Podríamos describir la percepción habitual del psicoanálisis de la siguiente manera: imagine a alguien que advierte que su sexualidad está reprimida, e inmediatamente desea tener relaciones sexuales liberadoras. Sin embargo, dado que ha interiorizado las instancias del superego, las prohibiciones sociales, no puede gozar de manera libre y espontánea de sus relaciones. En consecuencia, acude al psicoanalista pensando que el psicoanálisis debería ayudarle en este punto para hacerle más libres, para que sea capaz de superar esas prohibiciones sociales y gozar del sexo, etcétera. Es ésta una manera equivocada de concebir la función de la terapia psicoanalítica, porque es justamente lo contrario, no nos sentimos culpables porque las prohibiciones sociales nos impidan gozar, sino por todo lo contrario, por no ser capaces de seguir la ley del superego que lanza sobre nosotros el imperativo de gozar.
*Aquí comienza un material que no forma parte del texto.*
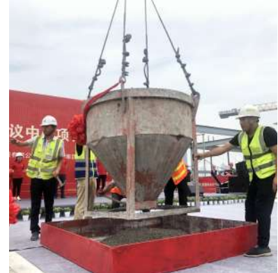
天府国际会议中心主体结构封顶，浇筑最后一方混凝土

6月30日上午10时，随着最后一方混凝土浇筑完成，由万科和成都天投集团共同打造、天府投资控股有限公司(简称天府投控)负责投资开发建设、中建三局施工总承包的天府国际会议中心主体结构全面封顶。
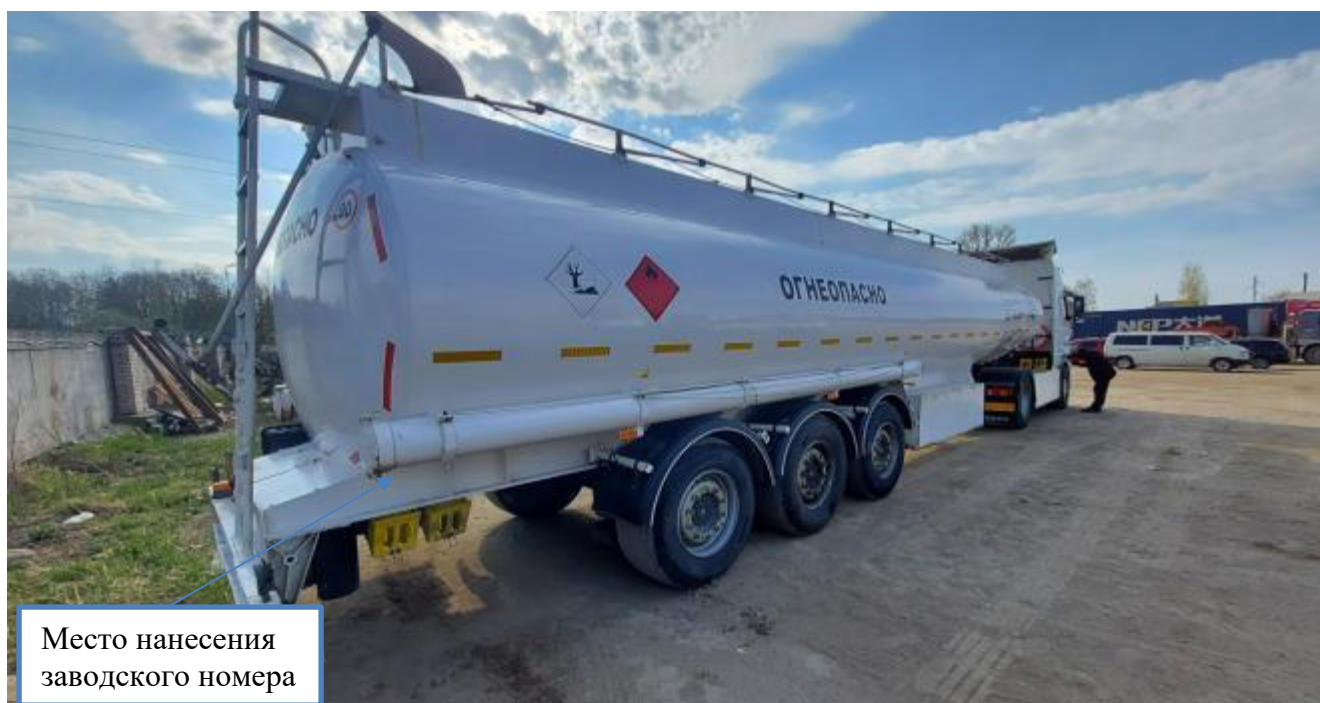
Рисунок 2 – Общий вид полуприцепа-цистерны INDOX зав.№ VWLAL30VA2T010261 с указанием места нанесения заводского номера

Схема пломбировки для защиты от несанкционированного изменения положения уровня налива, обозначение места нанесения знака поверки представлены на рисунке 3.
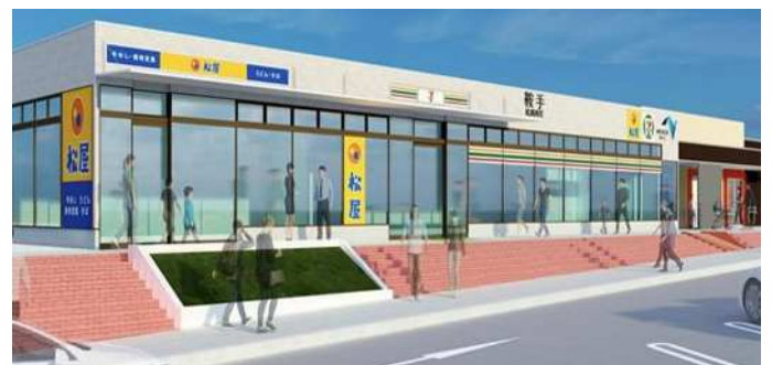
《鞍手PA(外観イメージ)》

Por muy paradójico que pueda parecer, la verdadera función del psicoanálisis, lejos de ser la de permitirnos gozar, es la de no permitirnos hacerlo. Quizá es el único gran discurso cuyo principal mensaje para el sujeto es “no debes disfrutar”, el único gran discurso que te permite no gozar. En este sentido, te concede una libertad total en contra de todas esas propuestas sobre el goce. Por otra parte, el resultado de esta actitud totalmente permisiva de las sociedades occidentales es que nuestras vidas están más reguladas que nunca. Qué desesperación en la gente para conseguir gozar, no a la grasa, sí al jogging, no al acoso sexual, la vida ya no puede estar más regulada. Lacan lo expresó muy bien cuando cambió la fórmula de Dostoievsky según la cual si Dios ha muerto todo está permitido por esta otra: si Dios ha muerto, todo está prohibido. Nos encontramos ante el fundamentalismo de la liberación. Creo que el psicoanálisis es hoy más necesario que nunca.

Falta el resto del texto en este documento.